In another aspect, the invention features a method for identifying nucleotide 
sequences encoding interacting polypeptide sequences, wherein the method includes the 
steps of: (1) providing a cell population containing a plurality of host cells, wherein each 
of the plurality of host cells contains a reporter gene operably linked to a transcriptional 
regulatory sequence which includes a binding site for a DNA-binding domain; 
(2) introducing into each of the plurality of host cells a first chimeric gene encoding a 
first fusion protein, wherein the first fusion protein contains a first polypeptide sequence 
and a DNA binding domain, wherein the first chimeric gene contains a first nucleotide 
sequence which encodes the first polypeptide sequence, and wherein the first nucleotide 
sequence is different in the first chimeric gene introduced into each of the plurality of 
host cells; (3) introducing into each of the plurality of host cells a second chimeric gene 
encoding a second fusion protein, wherein the second fusion protein contains a second 
polypeptide sequence and an activation tag, wherein the second chimeric gene contains a 
second nucleotide sequence which encodes the second polypeptide sequence, and 
wherein the second nucleotide sequence is different in the second chimeric gene 
introduced into each of the plurality of host cells; (4) culturing the plurality of host cells 
for a time sufficient to allow an interaction of the first fusion protein and the second 
fusion protein, wherein the interaction results in a measurable change in expression of the 
reporter gene; (5) selecting the plurality of host cells based upon the measurable change 
in expression of the reporter gene; and (6) sequencing the first nucleotide sequence and 
the second nucleotide sequence contained in each of the plurality of host cells, to thereby 
identify nucleotide sequences encoding interacting polypeptide sequences. 

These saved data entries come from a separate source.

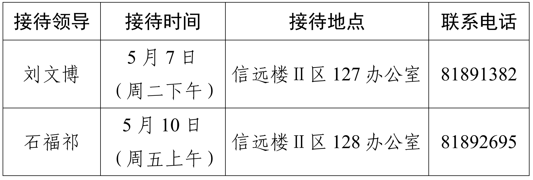 为进一步巩固学习贯彻习近平新时代中国特色社会主义思想主题教育成果,加强公司领导班子作风建设,扎实推进党纪学习教育,搭建公司领导班子和师生员工沟通交流的桥梁,为师生办实事、解难题,根据《公司领导班子接待日制度》精神,每周安排两位公司领导接待师生。现将5月6日-11日公司领导接待安排公布如下:
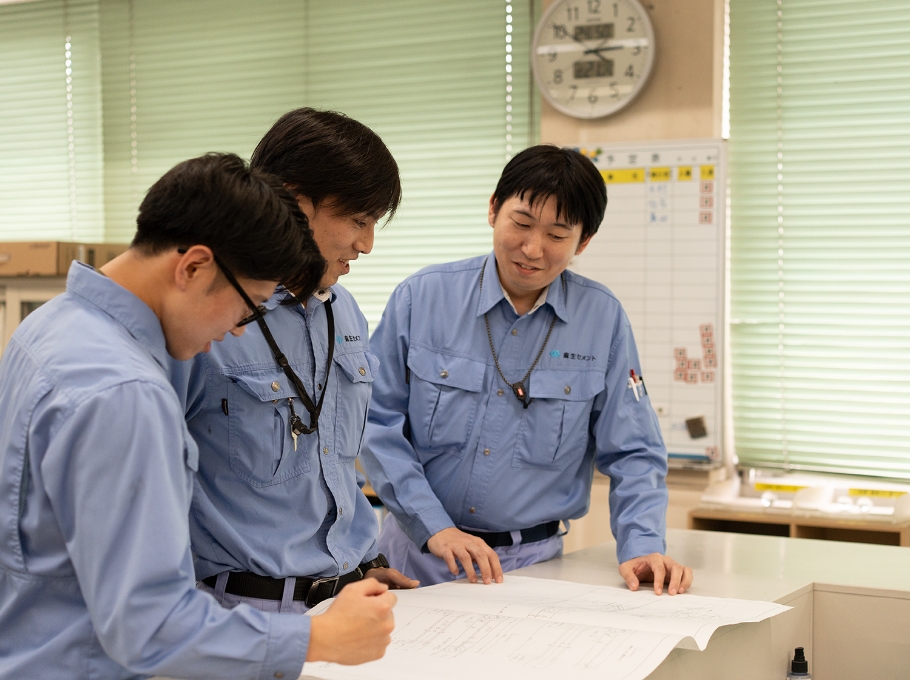 働き始めて感じたのは、麻生セメントには部署間の垣根がなく、相談しやすい環境があるということです。同じ部署の上司や先輩だけでなく、他部署の方にも気軽に声をかけられる雰囲気があって、職場全体が一体となって動いている感覚があります。
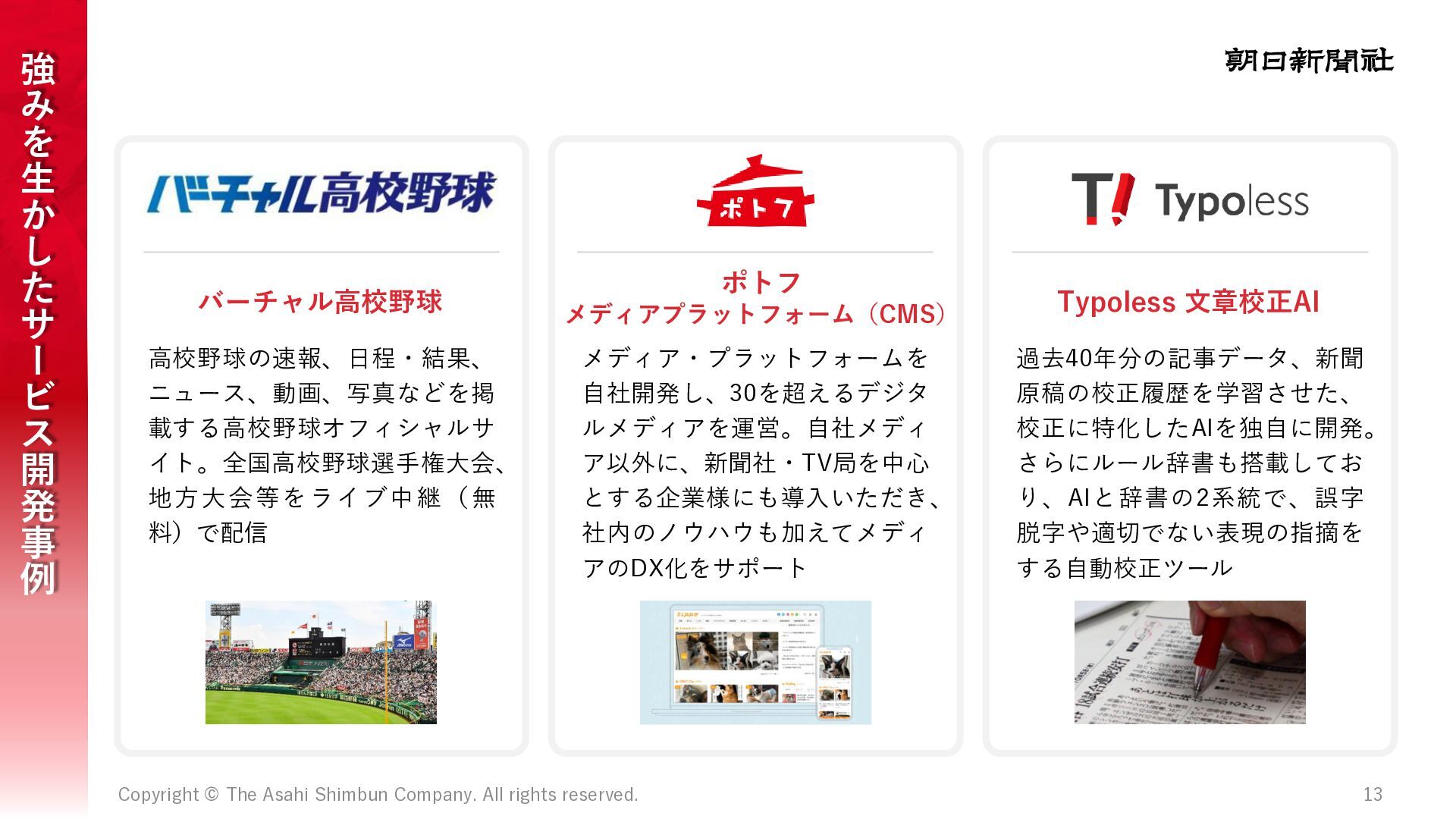 強 み を 生 か し た サ ー ビ ス 開 発 事 例 高校野球の速報、日程・結果、 ニュース、動画、写真などを掲 載する高校野球オフィシャルサ イト。全国高校野球選手権大会、 地方大会等をライブ中継(無 料)で配信 メディア・プラットフォームを 自社開発し、30を超えるデジタ ルメディアを運営。自社メディ ア以外に、新聞社・TV局を中心 とする企業様にも導入いただき、 社内のノウハウも加えてメディ アのDX化をサポート 過去40年分の記事データ、新聞 原稿の校正履歴を学習させた、 校正に特化したAIを独自に開発。 さらにルール辞書も搭載してお り、AIと辞書の2系統で、誤字 脱字や適切でない表現の指摘を する自動校正ツール バーチャル高校野球 ポトフ メディアプラットフォーム(CMS) Typoless 文章校正AI

The methods of the invention can optionally be carried out as detailed below. 

The host cell (or plurality of host cells) can be a prokaryotic cell (e.g., a bacterial 
cell such as Escherichia coli) or a eukaryotic cell (e.g., a yeast cell or a mammalian cell). 

The methods described herein can be used for high throughput screening of 
nucleotide sequences in two-hybrid assays. Accordingly, large numbers of host cells, 
first chimeric genes, and/or second chimeric genes can be used in such methods.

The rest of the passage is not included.